Be that as it may, indulgence in food was still a secret vice, largely because of the fear that pigging out meant being reincarnated as a pig. Two schools of thought developed, the Dvaita, or dualist school, which said that life and food are different and the non-dualist Advaita, which held that life and food are One. Naturally, followers of the Advaita school were fatter. This led to the publication of the famed Diet Sutra, the world’s first book on losing weight. The principle behind it was known as The Middle Weight, which included Right Lip-Smacking, Right Finger-Licking, Right Burping, Right Calorie-Counting and so on.
Ancient Indian gastronomy was, however, disturbed by an invasion of kebabs, rogan josh and biryani through the Khyber Pass. In the West of the country, incursions were made by vindaloo and sorpotel. Chillies and tomatoes and potatoes made their appearance, as evidenced from Abul-Fazl’s famous book during Emperor Akbar’s reign — the Ain-e-Potato-curry.
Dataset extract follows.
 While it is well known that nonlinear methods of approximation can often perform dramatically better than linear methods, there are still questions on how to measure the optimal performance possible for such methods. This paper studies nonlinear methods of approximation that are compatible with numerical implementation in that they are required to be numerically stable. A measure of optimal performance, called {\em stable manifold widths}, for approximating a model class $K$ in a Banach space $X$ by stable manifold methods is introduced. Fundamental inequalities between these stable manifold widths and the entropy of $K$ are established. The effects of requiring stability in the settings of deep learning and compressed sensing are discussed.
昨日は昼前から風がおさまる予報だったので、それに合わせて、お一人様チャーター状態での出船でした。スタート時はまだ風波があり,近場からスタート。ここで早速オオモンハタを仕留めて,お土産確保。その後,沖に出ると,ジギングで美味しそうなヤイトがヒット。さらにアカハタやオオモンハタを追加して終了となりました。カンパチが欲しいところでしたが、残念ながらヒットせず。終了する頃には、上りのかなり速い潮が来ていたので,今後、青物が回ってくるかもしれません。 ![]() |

But let’s get back to the present. The sway of Maya over the Hindu mind has disappeared, replaced by Leela, which provides the philosophical underpinnings for Indian food. This is evident from the Leela chain of hotels across the country.
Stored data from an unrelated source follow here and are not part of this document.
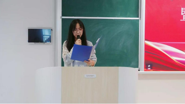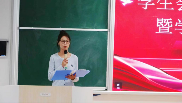 大会第二项,主席团成员徐伊同作为代表,总结了过去一年以来的工作情况。报告中既回顾了过去一年系学生会取得的成就和荣誉,也对下一届学生会干部的工作指明了前行的方向
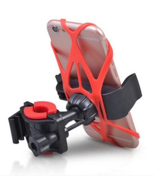 Edullinen puhelimen pidike sähköskootterille / polkupyörälle (puhelimen pidike), jossa on kiinnitysliitin ja kumiset tukihihnat. Puhelimen pidikkeessä on säädettävä kulma. Puhelimen pidike sopii sähköskoottereihin tai polkupyöriin, joissa on halkaisijaltaan 22,2 mm:n linssi.
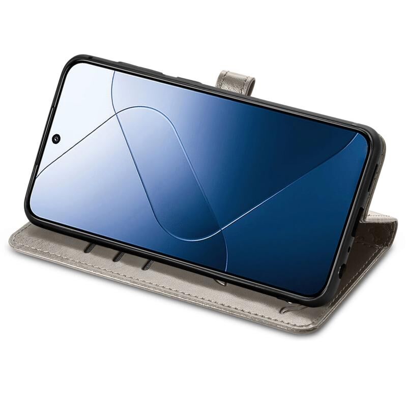 Θήκη τηλεφώνου δερμάτινη ανάγλυφη με σχέδια γάτας και σκύλου για Xiaomi 14 (Χρυσορόδινο)
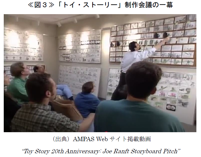 “Peer Culture” は映画界を中心に好評を博している。AMPASは「トイ・ストーリー」の共同脚本家が自ら作成した絵コンテを用いて、音響やカラーデザインなど各部門の責任者を集めた制作会議が「トイ・ストーリー」を傑作に導いた要素のひとつとして取り上げている≪図3≫。 脚本家だからと自身の制作シナリオを「決定事項」として共有するのではなく、「たたき台」として一連のセリフを一人で何役もこなしながら制作会議の場を「劇場」に模して披露している。そして、会議の参加者による新たな視点や率直な意見などと照らしながら、互いに補い合いながら、「素晴らしいものを世に送り出したい」という共通した思いのもと、 全員で最高の作品に仕立て上げていった。
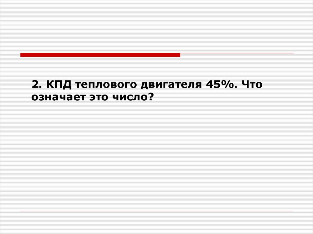 2. КПД теплового двигателя 45%. Чтоозначает это число?
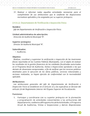 Las atribuciones generales del Jefe de Departamento de Verificación e
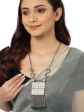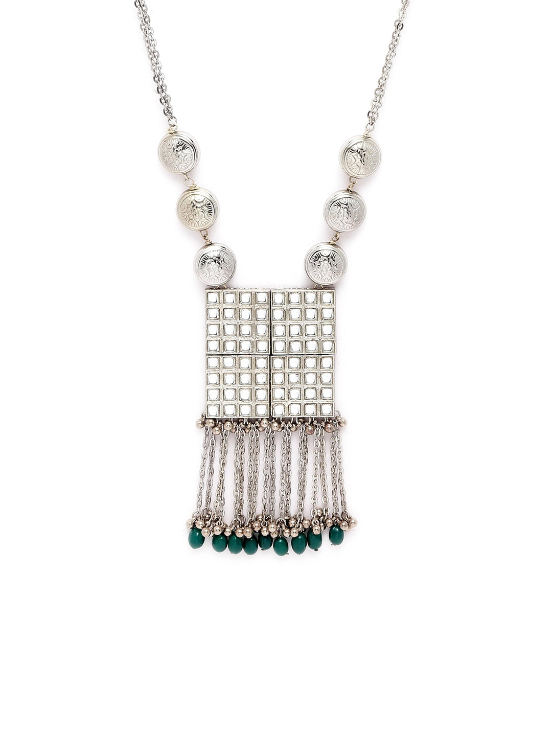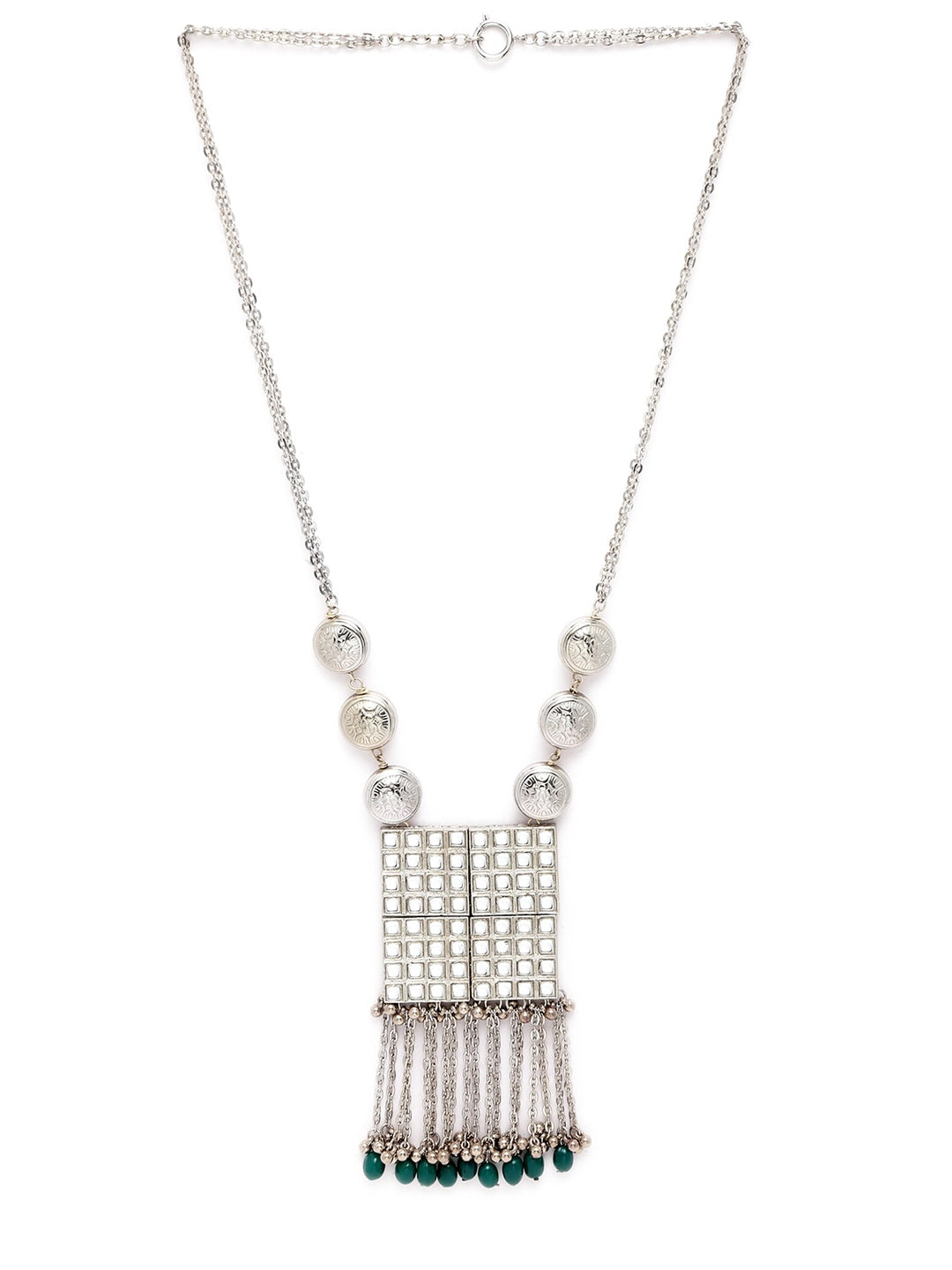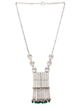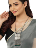 Silver-Toned & Green Silver-Plated Oxidised Necklace
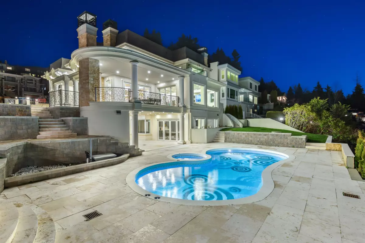 This magnificent European inspired luxury residence by architect Marque Thompson sits majestically on a prized estate property in West Vancouver’s most prestigious Westhill neighborhood boasting unobstructed city and ocean views from Mount Baker to Vancouver Island. Experience unparalleled luxury together with an impeccable choice of quality materials in this 6 bedroom, 8 bathroom 7,325 sq. ft. family home featuring entertainment size principal rooms together with a large gourmet kitchen, 2nd service Kitchen, Wine storage, Home Theatre, Billiard room, resort style swimming pool, spa, elevator, Control 4 Home Automation and fully gated heated driveway with 3 car garage parking. Located close to both Collingwood and Mulgrave Private schools and Hollyburn Country Club.
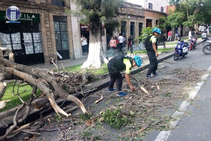 Al menos cuatro personas resultaron lastimadas cuando una rama de gran tamaño se desprendió de un árbol y cayó encima de la combi en la que viajaban los susodichos, situación registrada en la colonia Centro de Morelia.
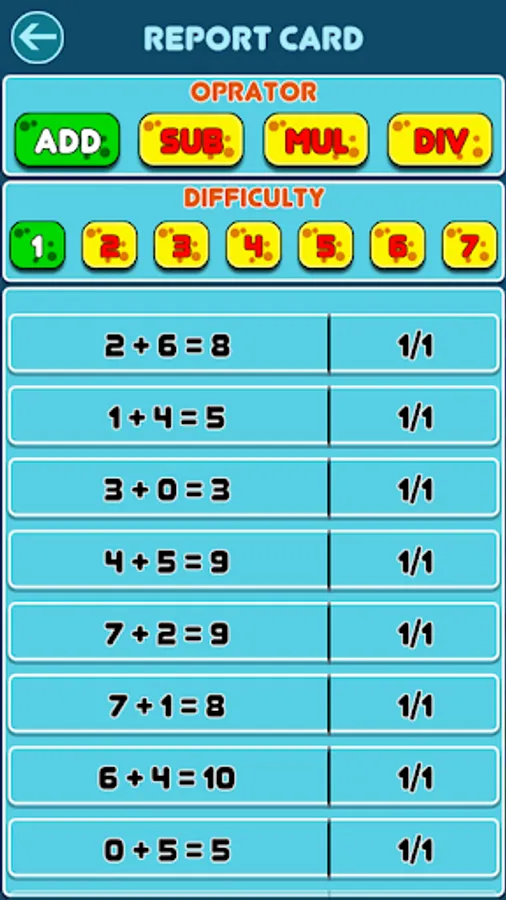 Math Bingo includes a detailed Report Card section where parents and teachers can monitor progress and help practice areas of weakness.

To understand the theoretical basis of modern Indian cuisine, I talked to several eminent personalities across the ideological spectrum. “All food can be divided into two broad categories — nationalist and pseudo-secular”, said a BJP ideologue. “Beef is definitely pseudo-secular,” he continued, “while meat and fish are dicey.” Vegetables are nationalist, especially with a pinch of saffron. A Congress supporter said he preferred a balanced diet of spaghetti, risotto and pasta.
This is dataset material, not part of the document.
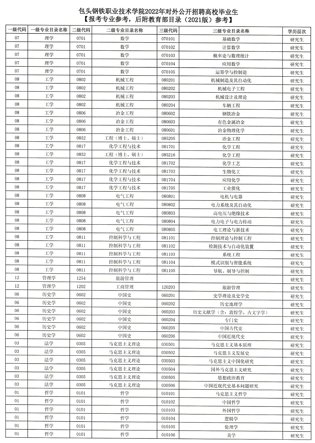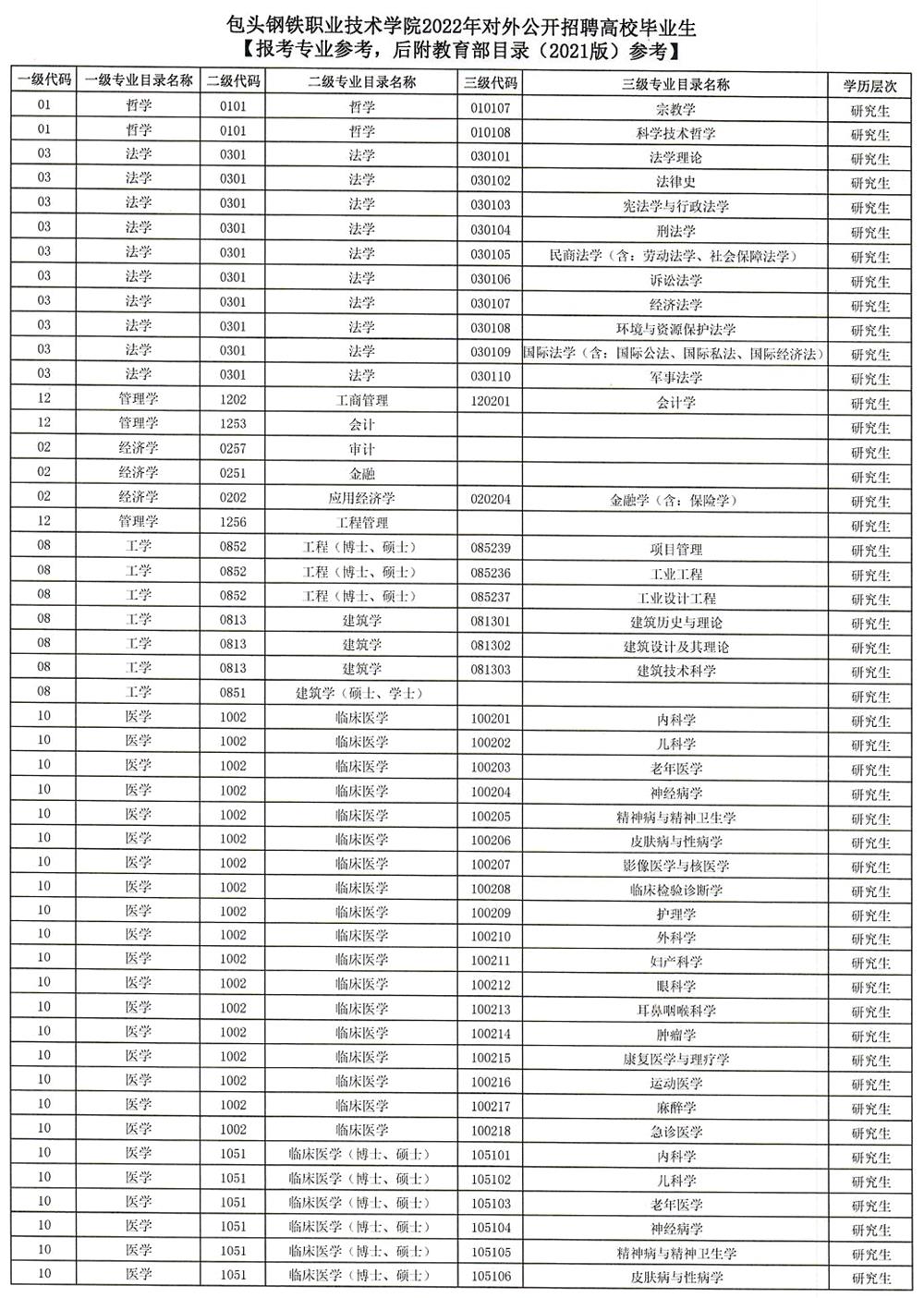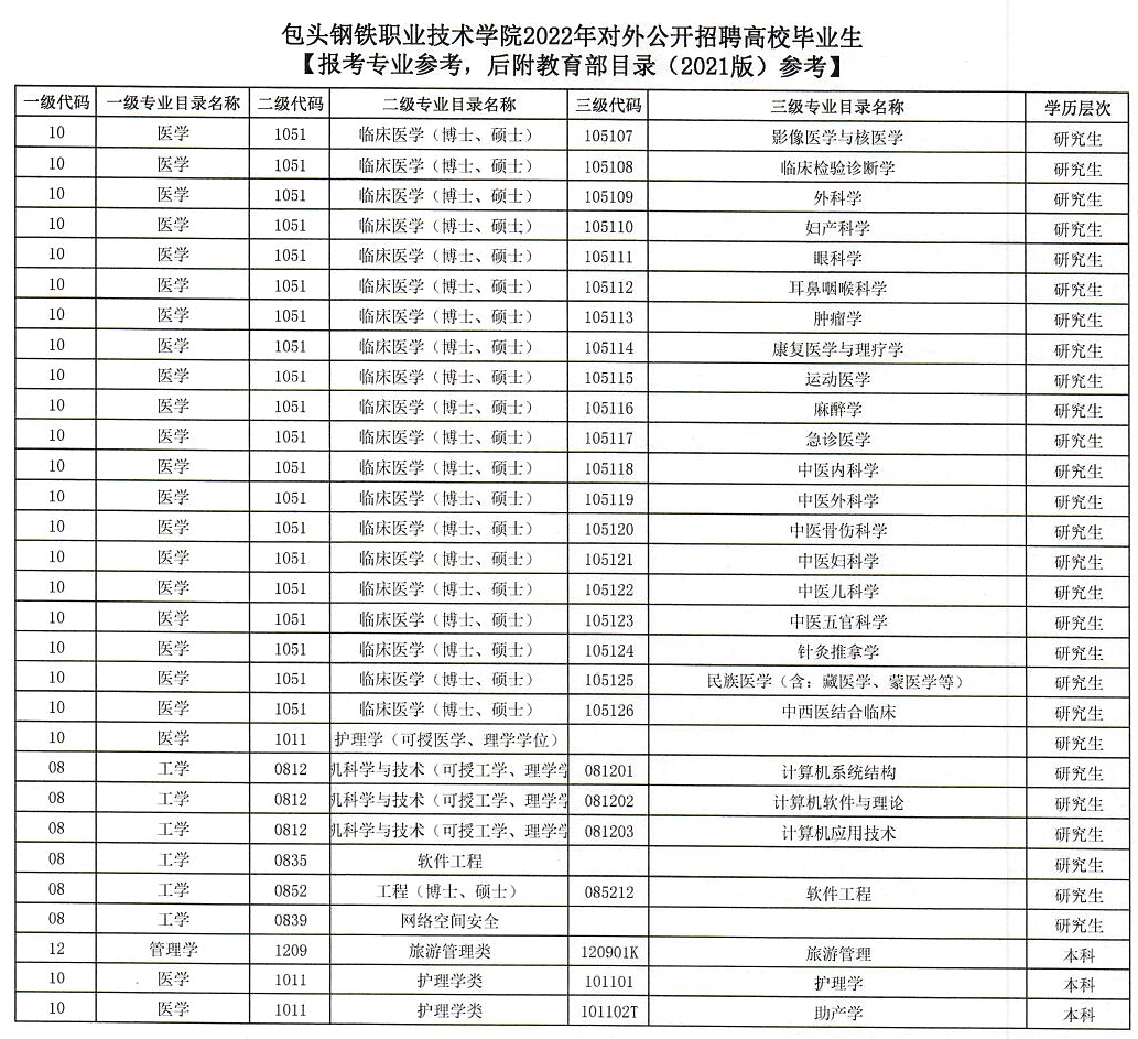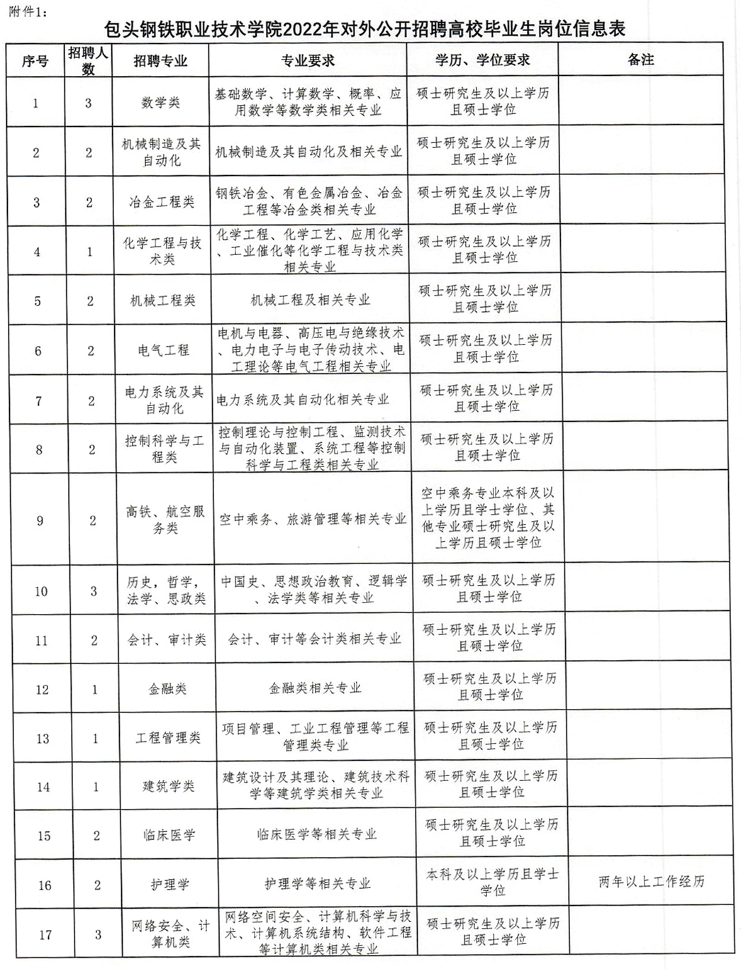 1.包頭鋼鐵職業(yè)技術(shù)學院2022年對外公開招聘高校畢業(yè)生崗位信息表

But the most interesting culinary philosophies have emerged from the Left. “Take sweet - that’s the thesis; take sour — the anti-thesis; Combine the two with pork and you have a synthesis — sweet and sour pork. Serve with red wine. That’s dialectical cooking,” said a Marxist comrade. He asked me to read his forthcoming cook-book, The Communist Many-Feast-O.
What of the future? Not everybody believes in it. There are many who support George Bernard Shaw, who pointed out, “Statistics show that of those who contract the habit of eating, very few survive.”